**What you are asked to do**
Would you print the lines below exactly, beginning at the line that has "Was soll man" and stopping after the line that has "Quatre petites fenêtres"? Only those lines, and no pictures.

**Records for the exercise**
┌────────
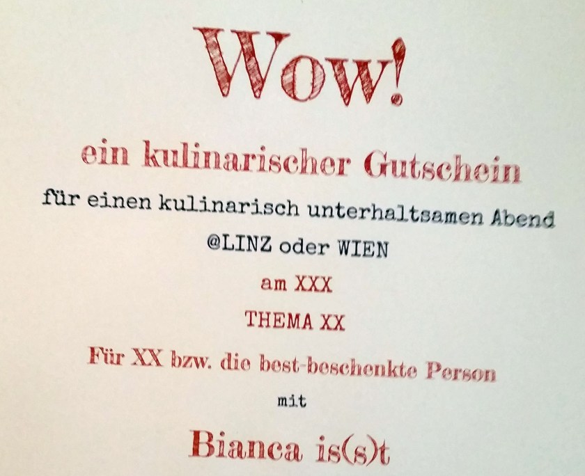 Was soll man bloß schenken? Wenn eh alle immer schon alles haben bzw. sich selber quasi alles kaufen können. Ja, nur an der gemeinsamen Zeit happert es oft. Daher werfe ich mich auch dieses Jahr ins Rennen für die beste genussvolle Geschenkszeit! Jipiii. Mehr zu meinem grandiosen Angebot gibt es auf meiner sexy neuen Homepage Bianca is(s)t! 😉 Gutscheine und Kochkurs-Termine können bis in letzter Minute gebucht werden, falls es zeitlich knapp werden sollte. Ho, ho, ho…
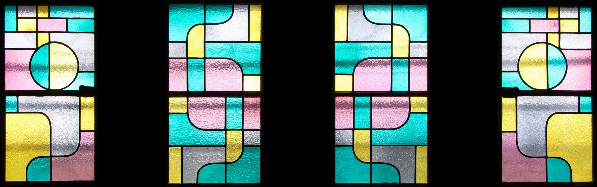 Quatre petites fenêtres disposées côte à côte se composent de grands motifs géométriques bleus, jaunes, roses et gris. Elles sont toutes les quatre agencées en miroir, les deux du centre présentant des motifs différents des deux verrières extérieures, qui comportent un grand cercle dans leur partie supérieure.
└────────
┌────────
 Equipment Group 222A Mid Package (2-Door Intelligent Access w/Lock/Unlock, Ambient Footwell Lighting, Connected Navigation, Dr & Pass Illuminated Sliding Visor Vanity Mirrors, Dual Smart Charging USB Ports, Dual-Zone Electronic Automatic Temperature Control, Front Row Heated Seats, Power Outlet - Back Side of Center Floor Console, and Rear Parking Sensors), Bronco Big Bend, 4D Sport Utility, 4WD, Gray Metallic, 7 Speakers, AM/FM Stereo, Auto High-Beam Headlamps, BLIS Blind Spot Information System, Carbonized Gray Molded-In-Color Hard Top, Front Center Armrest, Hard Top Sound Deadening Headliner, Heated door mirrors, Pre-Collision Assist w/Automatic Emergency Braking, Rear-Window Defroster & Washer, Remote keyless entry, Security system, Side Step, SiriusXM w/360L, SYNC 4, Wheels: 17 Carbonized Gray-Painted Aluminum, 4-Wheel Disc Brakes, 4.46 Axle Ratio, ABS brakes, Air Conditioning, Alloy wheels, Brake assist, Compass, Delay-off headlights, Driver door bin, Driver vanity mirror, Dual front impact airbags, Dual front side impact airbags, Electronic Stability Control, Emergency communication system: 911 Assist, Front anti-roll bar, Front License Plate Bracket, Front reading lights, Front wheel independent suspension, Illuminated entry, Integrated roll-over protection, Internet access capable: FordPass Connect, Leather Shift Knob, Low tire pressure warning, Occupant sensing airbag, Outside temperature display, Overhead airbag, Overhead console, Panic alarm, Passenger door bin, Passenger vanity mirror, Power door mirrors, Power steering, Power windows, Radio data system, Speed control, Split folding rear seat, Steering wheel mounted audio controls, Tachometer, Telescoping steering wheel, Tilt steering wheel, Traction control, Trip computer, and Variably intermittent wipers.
└────────
**Problem solution**
 Was soll man bloß schenken? Wenn eh alle immer schon alles haben bzw. sich selber quasi alles kaufen können. Ja, nur an der gemeinsamen Zeit happert es oft. Daher werfe ich mich auch dieses Jahr ins Rennen für die beste genussvolle Geschenkszeit! Jipiii. Mehr zu meinem grandiosen Angebot gibt es auf meiner sexy neuen Homepage Bianca is(s)t! 😉 Gutscheine und Kochkurs-Termine können bis in letzter Minute gebucht werden, falls es zeitlich knapp werden sollte. Ho, ho, ho…
 Quatre petites fenêtres disposées côte à côte se composent de grands motifs géométriques bleus, jaunes, roses et gris. Elles sont toutes les quatre agencées en miroir, les deux du centre présentant des motifs différents des deux verrières extérieures, qui comportent un grand cercle dans leur partie supérieure.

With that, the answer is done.